Problem statement. The data below should be restated word for word, pictures omitted.

Input data.
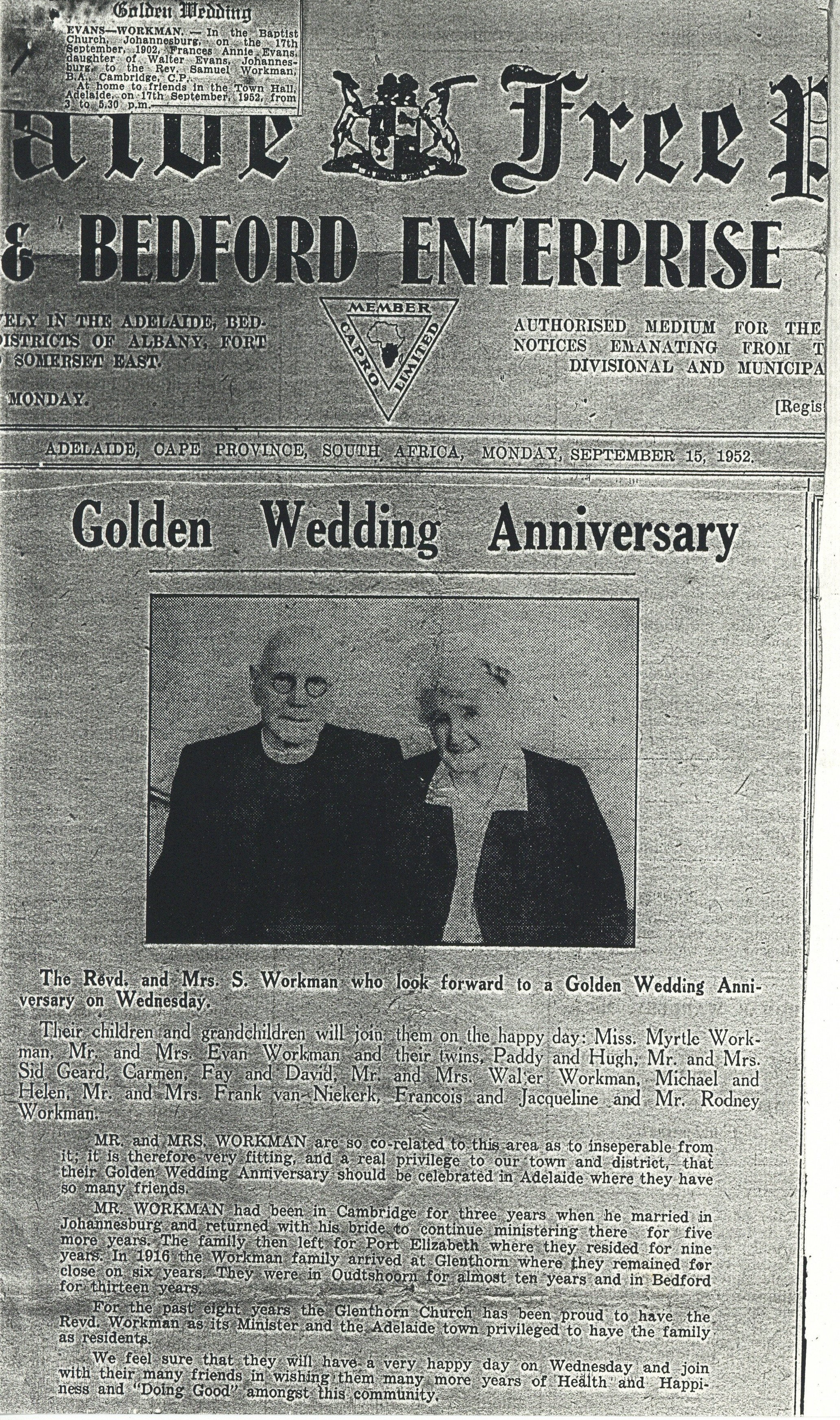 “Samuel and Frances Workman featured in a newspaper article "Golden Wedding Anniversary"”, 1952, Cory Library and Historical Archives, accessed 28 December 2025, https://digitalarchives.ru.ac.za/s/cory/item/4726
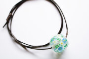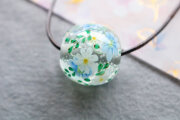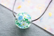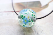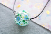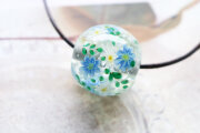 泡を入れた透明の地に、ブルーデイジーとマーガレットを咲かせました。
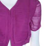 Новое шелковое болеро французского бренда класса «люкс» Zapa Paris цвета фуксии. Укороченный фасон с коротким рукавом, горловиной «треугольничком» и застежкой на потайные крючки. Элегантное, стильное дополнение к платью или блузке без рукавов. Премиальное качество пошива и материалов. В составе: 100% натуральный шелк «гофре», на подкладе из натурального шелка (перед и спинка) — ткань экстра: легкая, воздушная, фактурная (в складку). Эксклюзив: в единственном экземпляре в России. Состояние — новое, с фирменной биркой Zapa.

Final answer.
 “Samuel and Frances Workman featured in a newspaper article "Golden Wedding Anniversary"”, 1952, Cory Library and Historical Archives, accessed 28 December 2025, https://digitalarchives.ru.ac.za/s/cory/item/4726
 泡を入れた透明の地に、ブルーデイジーとマーガレットを咲かせました。
 Новое шелковое болеро французского бренда класса «люкс» Zapa Paris цвета фуксии. Укороченный фасон с коротким рукавом, горловиной «треугольничком» и застежкой на потайные крючки. Элегантное, стильное дополнение к платью или блузке без рукавов. Премиальное качество пошива и материалов. В составе: 100% натуральный шелк «гофре», на подкладе из натурального шелка (перед и спинка) — ткань экстра: легкая, воздушная, фактурная (в складку). Эксклюзив: в единственном экземпляре в России. Состояние — новое, с фирменной биркой Zapa.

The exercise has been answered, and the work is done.